> Your instructions
Your copy should match the listing below exactly, except that it holds no images.

> Data provided
□ □ □ □ □

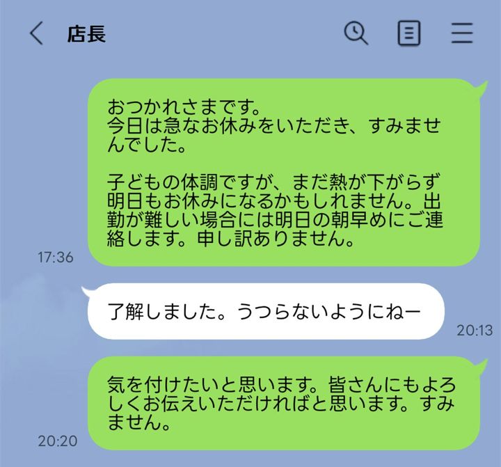 3. 「了解ー」の裏にある本音にビクビク。急な発熱、欠勤、そして職場から投げられるトゲのある言葉
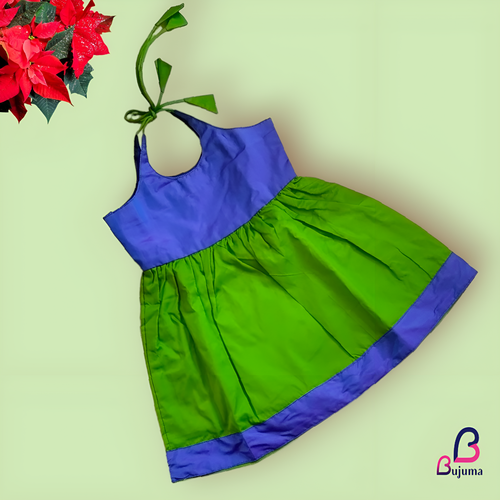 Elevate your baby girl's charm with our dark blue with green silk frock. Unveil a perfect blend of sophistication and cuteness for every precious moment.
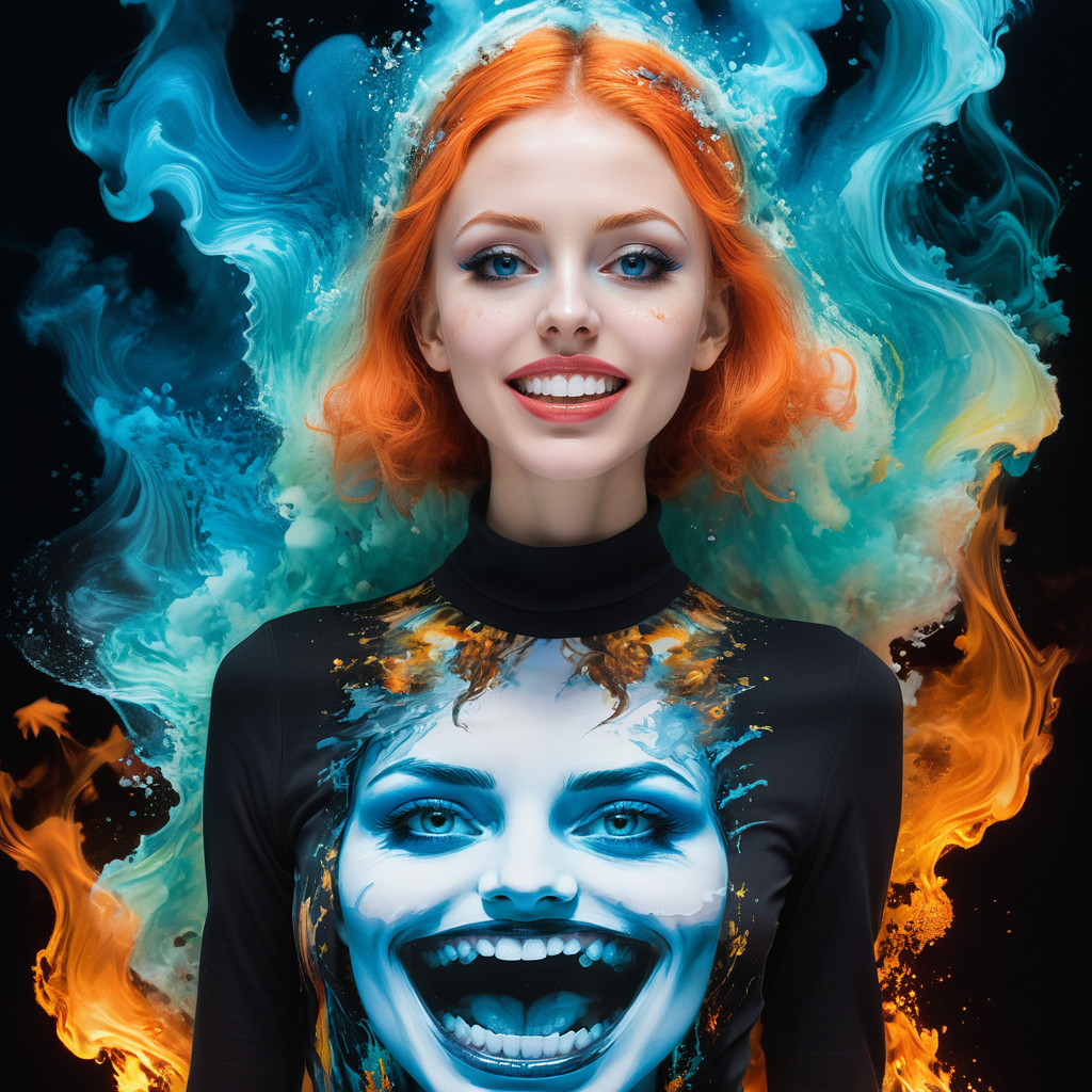 Abstract style side view, hands up, russian woman, holds her hands in front of her, flowers, dress, boho + luxury style, night, summer,forest, happy, smile, painting, oil on canvas, cinematic composition, extreme detail, magic dreamscape in your mind, Double exposure effect of white fox body portrait silhouette, superimposed against burning forest night sky, oil and ink canvas, fine art, super dramatic light, photoillustration, amazing depth, burning particles, hyperdetailed, iridescent blue fire, intricate detailed, amazing depth, hypervibrant, stunning atmosphere, mesmerizing whimsical vibrant scenery, hypermaximalism (Beautiful Outside, Ugly Inside, Stress and Pain, Beauty and Despair, Hard and Soft, Positive and Negative, Hot and Cold, Sweet and Sour, Vibrant and Dull, Perfect Harmony, Light and Dark, Hot and Cold, Old and Young, Fire and Ice, Yin and Yang, Opposites, Black and white, Smoke and Steam,Hot and Cold, Organic and Mechanical, Corresponding colors, Loud and Quiet, Chaos and Peace, Night and Day:1.2) complex masterwork by head of prompt engineering, Christian LacroiÑ , Walter Van Beirendonck, Jean Paul Gaultier, Vivienne Westwood, <lora:xl_more_art-full_v1:1> <lora:SDXL Detail:1>, perfect hands, perfect arms, perfect fingers, neat fingers, unaestheticб, ziprealism, unaestheticXL_Jug6, ziprealism_neg, ac_neg2, ac_neg1, natural skin texture,detailed skin,pores,extreme skin details . Non-representational, colors and shapes, expression of feelings, imaginative, highly detailed

□ □ □ □ □

> Result for this exercise
 3. 「了解ー」の裏にある本音にビクビク。急な発熱、欠勤、そして職場から投げられるトゲのある言葉
 Elevate your baby girl's charm with our dark blue with green silk frock. Unveil a perfect blend of sophistication and cuteness for every precious moment.
 Abstract style side view, hands up, russian woman, holds her hands in front of her, flowers, dress, boho + luxury style, night, summer,forest, happy, smile, painting, oil on canvas, cinematic composition, extreme detail, magic dreamscape in your mind, Double exposure effect of white fox body portrait silhouette, superimposed against burning forest night sky, oil and ink canvas, fine art, super dramatic light, photoillustration, amazing depth, burning particles, hyperdetailed, iridescent blue fire, intricate detailed, amazing depth, hypervibrant, stunning atmosphere, mesmerizing whimsical vibrant scenery, hypermaximalism (Beautiful Outside, Ugly Inside, Stress and Pain, Beauty and Despair, Hard and Soft, Positive and Negative, Hot and Cold, Sweet and Sour, Vibrant and Dull, Perfect Harmony, Light and Dark, Hot and Cold, Old and Young, Fire and Ice, Yin and Yang, Opposites, Black and white, Smoke and Steam,Hot and Cold, Organic and Mechanical, Corresponding colors, Loud and Quiet, Chaos and Peace, Night and Day:1.2) complex masterwork by head of prompt engineering, Christian LacroiÑ , Walter Van Beirendonck, Jean Paul Gaultier, Vivienne Westwood, <lora:xl_more_art-full_v1:1> <lora:SDXL Detail:1>, perfect hands, perfect arms, perfect fingers, neat fingers, unaestheticб, ziprealism, unaestheticXL_Jug6, ziprealism_neg, ac_neg2, ac_neg1, natural skin texture,detailed skin,pores,extreme skin details . Non-representational, colors and shapes, expression of feelings, imaginative, highly detailed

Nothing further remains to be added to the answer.